DATA PROVIDED
-- Opening Marker --
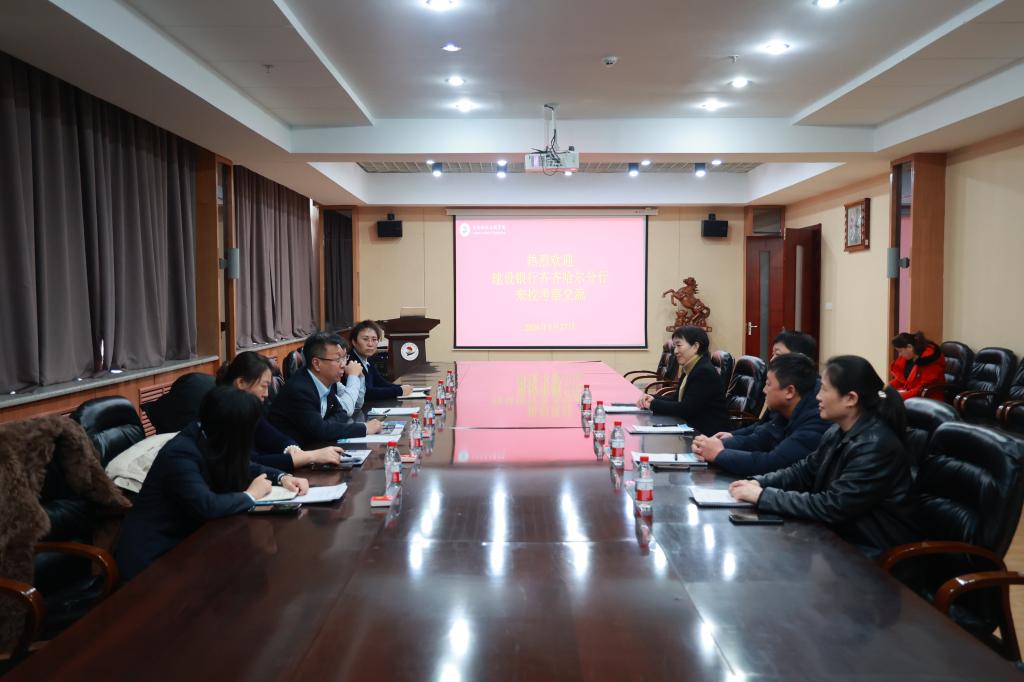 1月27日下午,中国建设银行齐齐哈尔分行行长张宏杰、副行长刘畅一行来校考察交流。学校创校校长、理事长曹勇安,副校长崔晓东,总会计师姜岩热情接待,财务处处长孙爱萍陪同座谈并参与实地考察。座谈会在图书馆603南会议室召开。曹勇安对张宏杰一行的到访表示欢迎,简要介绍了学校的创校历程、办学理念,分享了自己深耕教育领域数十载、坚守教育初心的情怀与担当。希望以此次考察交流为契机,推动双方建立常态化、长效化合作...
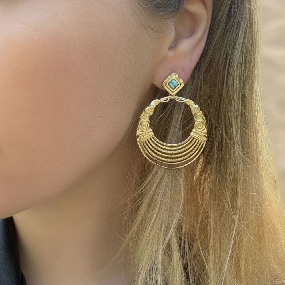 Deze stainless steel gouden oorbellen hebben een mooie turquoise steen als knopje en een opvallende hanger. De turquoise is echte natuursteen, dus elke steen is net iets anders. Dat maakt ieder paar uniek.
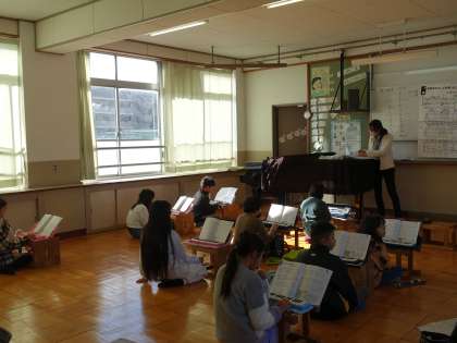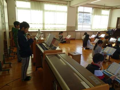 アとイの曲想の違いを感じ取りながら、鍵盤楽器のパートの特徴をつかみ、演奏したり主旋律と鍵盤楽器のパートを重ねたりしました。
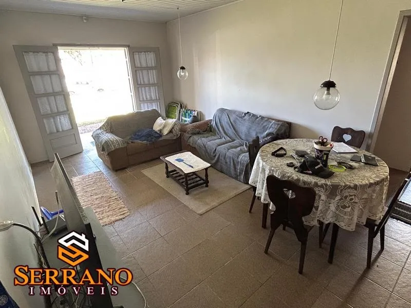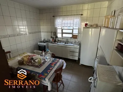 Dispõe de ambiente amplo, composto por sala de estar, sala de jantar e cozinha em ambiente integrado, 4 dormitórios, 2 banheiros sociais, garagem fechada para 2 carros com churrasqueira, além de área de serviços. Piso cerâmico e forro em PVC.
-- Closing Marker --
Within the listing above, find the line containing "Deze stainless steel" and the line containing "アとイの曲想の違いを感じ取り". Transcribe them and everything between them exactly, leaving out the pictures.

SOLUTION TO THIS TASK
 Deze stainless steel gouden oorbellen hebben een mooie turquoise steen als knopje en een opvallende hanger. De turquoise is echte natuursteen, dus elke steen is net iets anders. Dat maakt ieder paar uniek.
 アとイの曲想の違いを感じ取りながら、鍵盤楽器のパートの特徴をつかみ、演奏したり主旋律と鍵盤楽器のパートを重ねたりしました。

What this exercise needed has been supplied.